Is Iran next on the menu?

A budding coalition of conservative hawks, Jewish organizations and Iranian monarchists is pressing the White House to step up American efforts to bring about regime change in Iran.

For now, President Bush's official stance is to encourage the Iranian people to push the mullah regime aside themselves, but observers believe that the policy is not yet firm, and that has created an opportunity for activists. Neoconservatives advocating regime change in Tehran through diplomatic pressure — and even covert action — appear to be winning the debate within the administration, several knowledgeable observers said.

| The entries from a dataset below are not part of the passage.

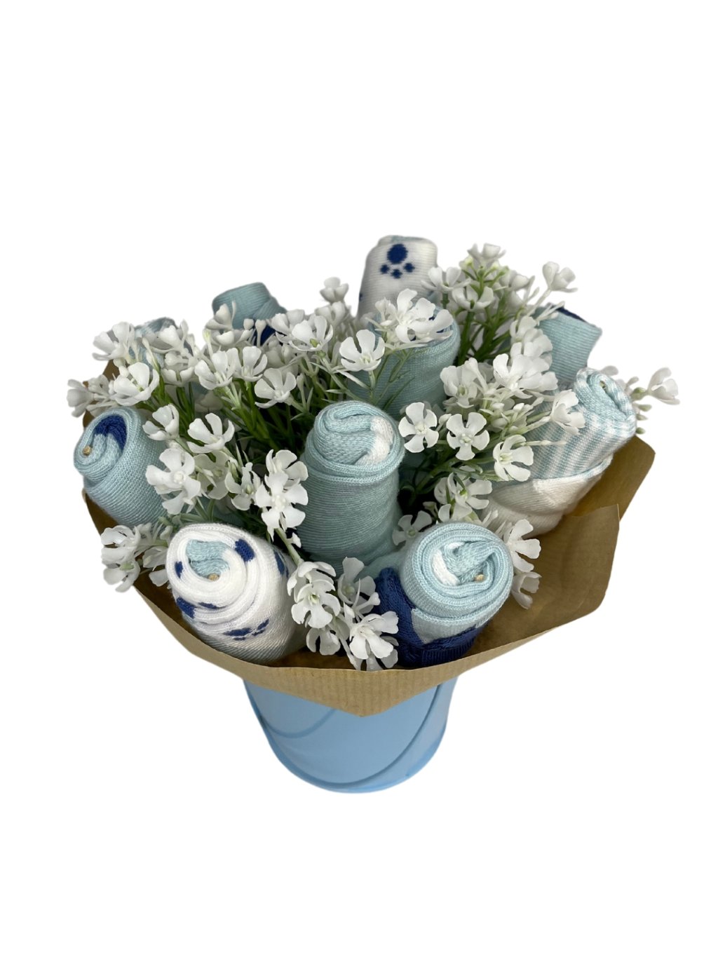 Čakajú ťa krstiny či oslava narodenia chlapčeka a rozmýšľaš nad originálnym darčekom? Tento nádherný set trojkrabičky s ponožkovou kyticou je ideálnym darčekom, ktorý zhmotní spomienku na tieto zázračné chvíle a vyčarí úsmev na tvári, zakaždým keď sa naňho pozriete.
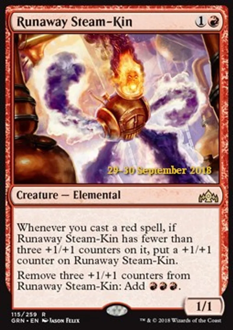 | Oracle Text | Whenever you cast a red spell, if Runaway Steam-Kin has fewer than three +1/+1 counters on it, put a +1/+1 counter on Runaway Steam-Kin. Remove three +1/+1 counters from Runaway Steam-Kin: Add {{R}}{{R}}{{R}}. | ||
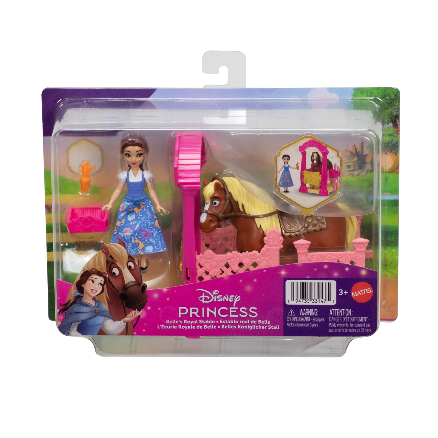 Disney Prinsessa hoitaa rakasta hevostaan sen omassa pilttuussaan. Pakkaus sisältää Disney Prinsessa -pikkunuken, hevosen, pilttuun sekä kaksi tarviketta. Useita erilaisia. 3+

"There is a pact emerging between hawks in the administration, Jewish groups and Iranian supporters of Reza Pahlavi [the exiled son of the former shah of Iran] to push for regime change," said Pooya Dayanim, president of the Iranian-Jewish Public Affairs Committee in Los Angeles and a hawk on Iran.

Meanwhile, in Congress, Democrat Rep. Tom Lantos of California is sponsoring a resolution supporting the people of Iran against the regime. Republican Senator Sam Brownback of Kansas has introduced an amendment that would set aside $50 million to fund Iranian opposition television and radio stations in Los Angeles — most of which promote a restoration of the shah's monarchy — as well as human rights and pro-democracy groups.

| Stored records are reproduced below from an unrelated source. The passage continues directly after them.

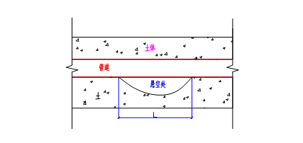 結(jié)合管道受力特點(diǎn),針對(duì)管道可能的暗懸,確定其安全跨度,設(shè)置剛性支墩。
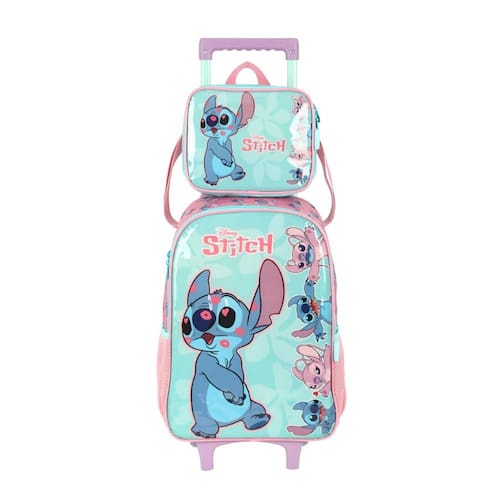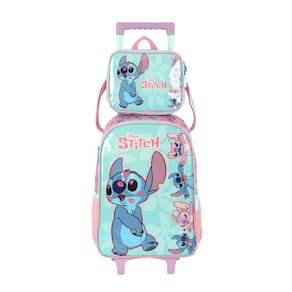 KIT MOCHILA DE RODINHAS E LANCHEIRA LUXCEL STITCH
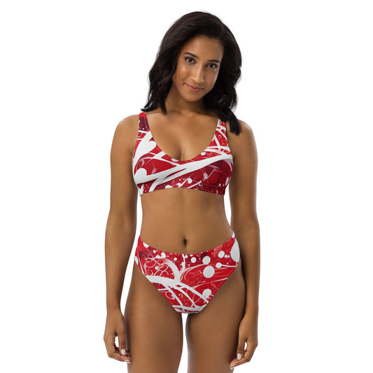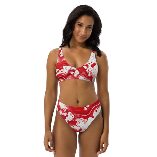Red and White Splash Art 2PC Swimsuit
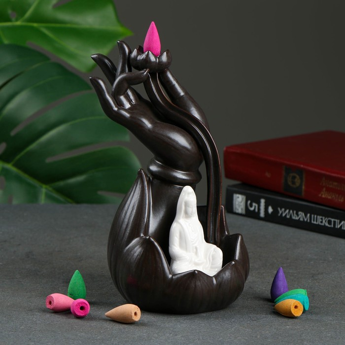 Подставка для благовоний "Лотос в руке" 10х10х23см
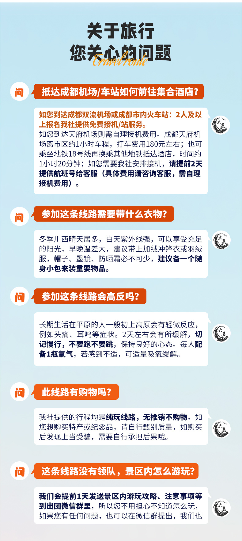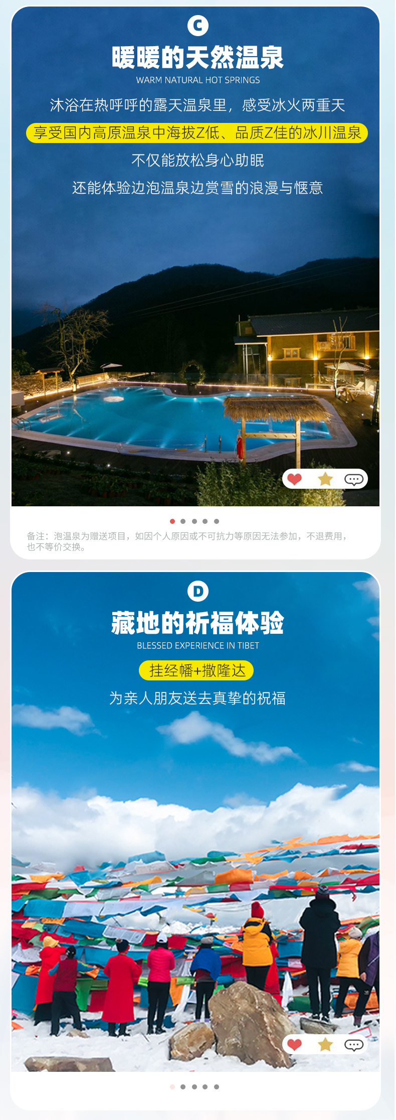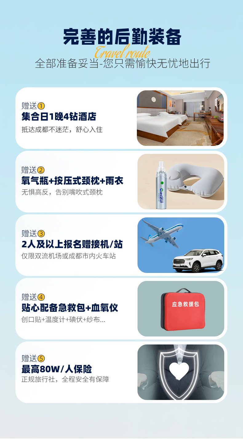 1、沐浴天然温泉; 2、挂经幡、撒隆达体验; 3、驻地藏式旅拍1次(免费提供藏装/首饰,赠3张电子版简修,底片全送); 4、全程4个早餐+1个特色餐(牦牛肉汤锅),如队员另外点餐,需自己支付费用; 5、颈枕+两件式套装雨披+瓶装氧气,每人一套。 6、最高保额为80万元的旅游意外险(不含财产险),中国银保监会规定:对于71周岁以上(含71周岁)的被保险人,保额减半,保费不变;不满10周岁80万的额度下降至20万,已满10周岁但未满18周岁80万的额度下降至50万; 注:旅行社赠送一份旅游意外保险,如发生意外事件,该意外保险理赔的金额优先抵扣旅行社可能承担的赔偿金额。港澳台及外籍人士,仅限大陆三甲医院就医才可报销,如离开大陆就医不予报销。 7、2人及以上报名赠双流机场接机/成都市内火车站接站(天府机场接机需自理费用); 注:接机/站请提前2天告知航班号/车次,否则视为放弃此服务;赠送项目如客人自愿放弃或因特殊原因及不可抗力等原因无法参加,均不退费用,也不等价交换。 |
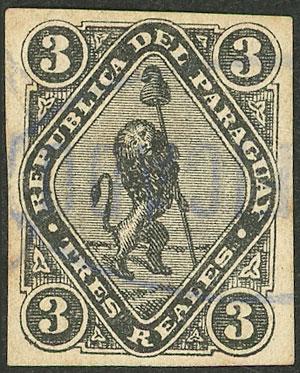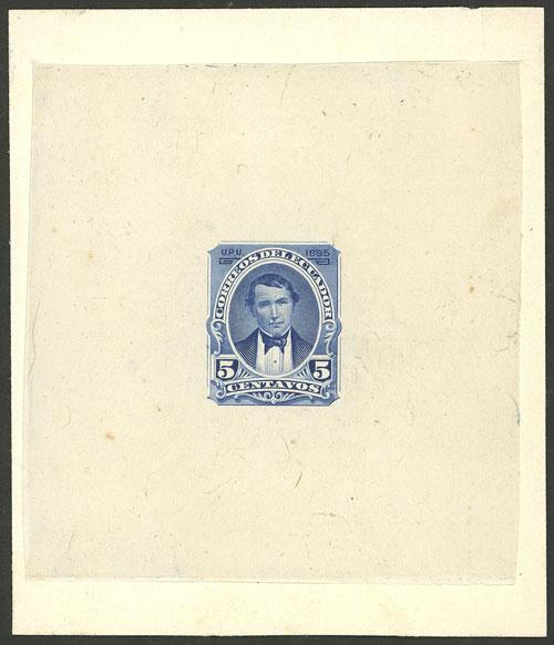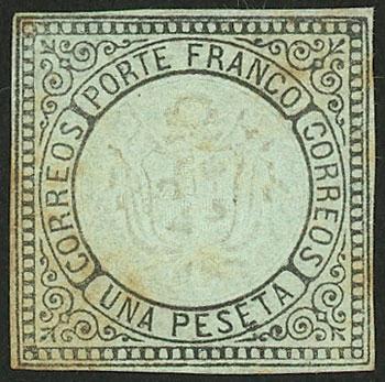 Sc.13, 1863 1 Peseta, PROOF on bluish paper, light thin on back, very good front, rare! (Image)
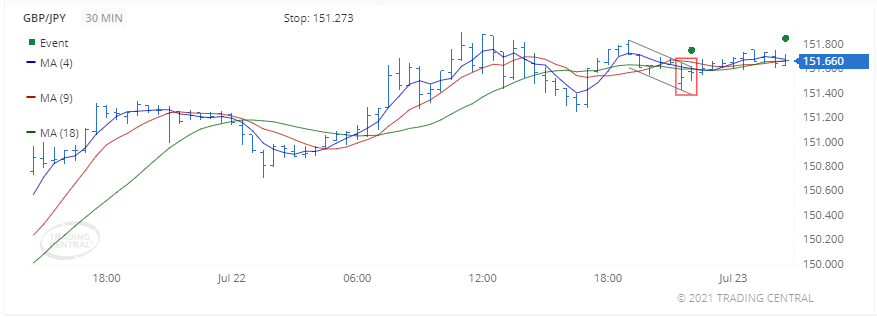 Vào ngày 23 tháng 7 lúc 02:30 GMT, Đường trung bình động 4 thanh vượt lên trên đường MA 9 thanh, vượt lên trên đường MA 18 thanh, báo hiệu một xu hướng tăng mới đã được thiết lập.
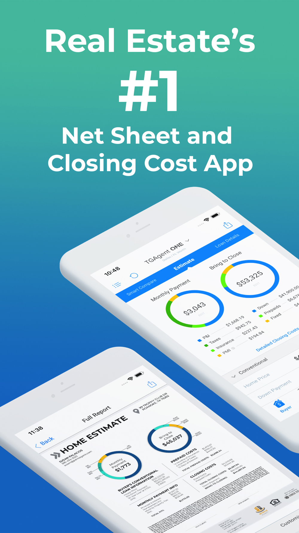 TGAgent ONE is City/County Specific Closing Cost Software that comes preloaded with calculations and closing costs for Real Estate Professionals. It allows them to easily and quickly generate Buyer Estimates and Seller Net Sheets from their iPhone and iPad. TGAgent ONE also allows the user to fully customize email/printouts for their clients.

Supporters of the shah's son, Pahlavi, have been supporting Brownback's amendment, know as the Iran Democracy Act. So has the main pro-Israel lobby, the American Israel Public Affairs Committee.


So the drumbeating begins.

An end to the threat of Islamic terrorism requires, not just the toppling of one state sponsor of terrorism in Iraq, but the toppling of the regime that is the Middle East's most active promoter of terrorism--and the most virulent center of the ideology behind Islamic terrorism: the theocracy that rules Iran.

The most recent evidence for the urgent need to confront Iran is the simmering conflict in southern Iraq. Post-war Iraq has been touted by the administration as an attempt to create a free, peaceful, and prosperous society as a model to be followed by dissidents in neighboring countries like Iran. But Iran also wants to turn Iraq into a model--a model for American humiliation and the triumph of Islamic fanaticism.

The evidence of meticulous Iranian planning is everywhere. Note that Shiite demonstrators showed up just days after the fall of Baghdad carrying elaborate, professionally made banners proclaiming their theocratic agenda--with slogans printed in both Arabic and English, for the benefit of the Western media. This is not the work of poor, uneducated Iraqi peasants. It is the work of well-funded political operatives. Indeed, U.S. forces have already begun to capture Iranian agents in Iraq and believe that thousands more Iranian-backed fighters have flooded over the border in the past month.